February 18, 2005: As winter wanes, spend the last grey evenings curled up with
tales from the crypt of current events. But be warned. You could
find yourself wondering if those halting steps on the stairs are
those of your loyal family retainer-- or of some hideously
deformed public servant of the devil.
Scream Deanula Scream!
Though Howard Dean had the support of some of New Jersey's most
twisted pols in his 2004 presidential primary race and is the
recipient of considerable largesse from a number of unlovesome
contributors, I still say yay he's the new DNC Chairman. In an
age of chicken poo pols who poll watch their words, Dean brings
to mind the days when politicians were people rather than
composites. When they had opinions that could actually be
discerned. Unlike many Dems, Dean hasn't waffled about Iraq.
And though his social nostrums tend to smack of same old same
old, his much decried 2004 comment about how Dems need to reach
guys with Confederate flags on their pick-ups was right on the
money. Which is what most people in those trucks don't have.
Thanks largely to our who-needs-em attitude re blue collar jobs
and taxes taxes taxes. In Dean's home state of Vermont and rural
sections of upstate New York you often see pick-up trucks
sporting Confederate flags. Sometimes those flags even fly in
front of people's homes. Drivers and dwellers therein aren't
whistling Dixie nor are they nostalgic for slavery. Instead they
see the Confederate flag as a pop in the eye to a liberal elite
that fusses over speech, tobacco and guns-- and is always ready
to take taxes from, and support policies that limit the
opportunities of, a class of people they despise.
Will Dean actually try to convince Democrats to reach out to the
confederate-flag-on-the-pickup crowd? Maybe not. A lot of his
current political support seems to come from people who fuss over
speech, tobacco and guns. None the less, it's still good that
Dean raised the issue of the Democratic Party's divorce from
people it used to represent. Particularly in light of the great
2004 election divide. The controversial terms in which he framed
the issue made it all the more attention grabbing. As for Iraq,
here's hoping Dem wafflers and hawks don't drive a stake through
Dean's anti-war heart.
I Eat Your Skin-- But Not in Albany
New York Governor George Pataki and his wife Libby call their
house in Putnam County home. Even though it's 100 miles away from
the Guv's official digs in the state capital of Albany. Albanian
new urbanites, particularly those who live in the neighborhood
surrounding the Governor's Mansion, have long fumed over the fact
that Pataki & spouse don't hang in the nabe. Seeing it as a snub.
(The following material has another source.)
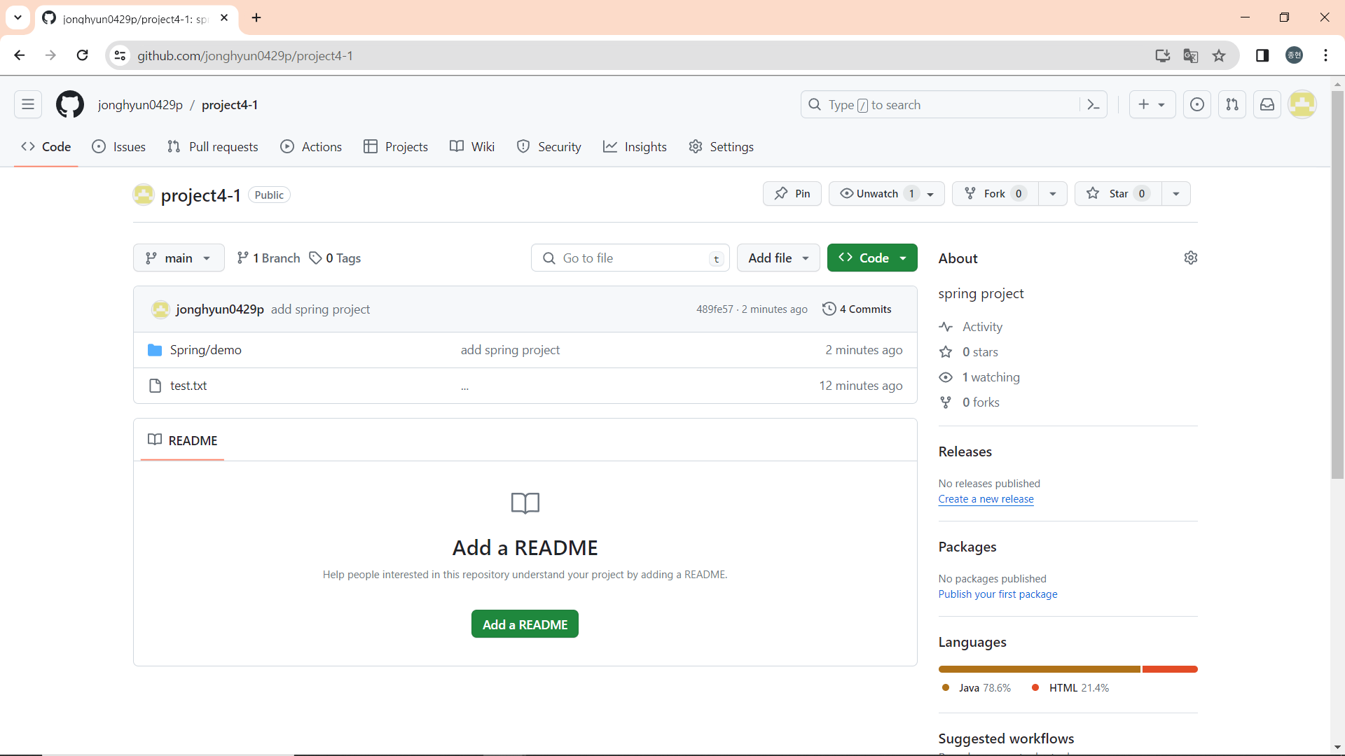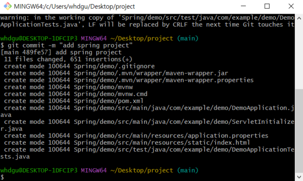 이제 git bash을 이용해 github에 commit할 것이다. 이전에 git bash를 이용해 github와 기본적인 연동을 시킨상태이며, github에 spring 프로젝트를 올릴 예정이다.

Now they have more reason to seeth. Seems that the food cooked
for the Guv and his missus at the taxpayer funded Albany
residence, is "on occasion" being delivered to their home in
Putnam. Not only does the long haul for Pataki take-out speak
volumes about the persnicketiness of George & Libby, it has also
raised questions about the food hauler. Due to the fact that
her salary is paid by the New York State Republican Party's
housekeeping committee. Is this dinner bringer Libby's maid? Or
her assistant? If the answer is "maid" the salary situation
reeks. If "assistant" it reeks less strongly. Huh?
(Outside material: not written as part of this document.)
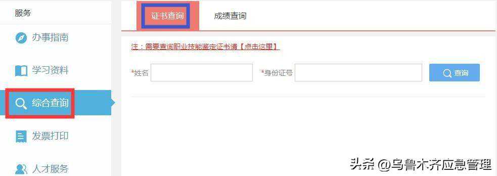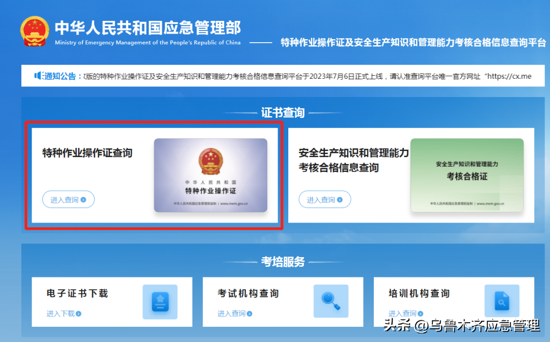 方法二:登录应急管理部政府网站(),从“服务”中的“查询服务”进入“特种作业操作证及安全生产知识和管理能力考核合格信息查询平台”(以下简称“证书查询平台”),使用注册并实人认证的手机号登录系统,下载打印电子证书。

The Republican housekeeping committee you see, is not really
a house keeping committee in the Hazel sense. Instead, it's a
hole in the corner where corporations who do business with the
state go to donate. Both parties in New York State have such
committees and both use them to pass contributions to politicians
through the back door of campaign finance restrictions. Though
some argue such activities are not actually illegal, others
compare it to money laundering. In the 02/17/05 NYTimes, Blair
Horner, legislative director of the New York Public Interest
Research Group said "I sometimes wonder if lawmakers have learned
too much from the RICO statute". Though my take is that lawmakers
have learned more from the people against whom the RICO statute
is most typically applied.
But back to the maid thing. As said, some feel the situation
smells better if the person who hauls dinner 100 miles to the
Pataki homestead is an assistant. Presumably on the grounds
that salary for an "assistant" seems like a more respectable
expenditure for a political slush fund. Whereas paying a "maid"
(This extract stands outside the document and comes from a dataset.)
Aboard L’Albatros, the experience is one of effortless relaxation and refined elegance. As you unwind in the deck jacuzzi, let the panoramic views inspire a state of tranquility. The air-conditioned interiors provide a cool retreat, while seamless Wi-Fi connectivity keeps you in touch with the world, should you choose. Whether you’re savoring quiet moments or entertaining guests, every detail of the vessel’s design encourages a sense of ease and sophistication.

hints of corporate-funded excess. As if the Pataki's might
secretly be into Bernie Ebberesque ice sculptures. With Libby
chortling "let me eat cake" as her weary maid/assistant
collapses on the Putnam doorstep.
The Incredible 2 Headed AG Transplant
Last Summer, when Albany County Prosecutor David Soares was in
the Democratic primary race for his current position, his
campaign accepted a hefty amount of financial support from the
Working Families Party (WFP). In October, State Supreme Court
Judge Bernard Malone ruled the support was illegal since it
violated a New York State election law forbidding one party to
interfere in the primary of another. Though Soares and his
campaign were not held culpable for taking the support, WFP was
declared to be in the wrong for giving it. Judge Malone referred
the case to local prosecutors (now the office headed by David
Soares) and New York State Attorney General Eliot Spitzer for a
possible criminal action. To my knowledge, nothing further has
come of it. But then, both Soares and Spitzer are very busy men.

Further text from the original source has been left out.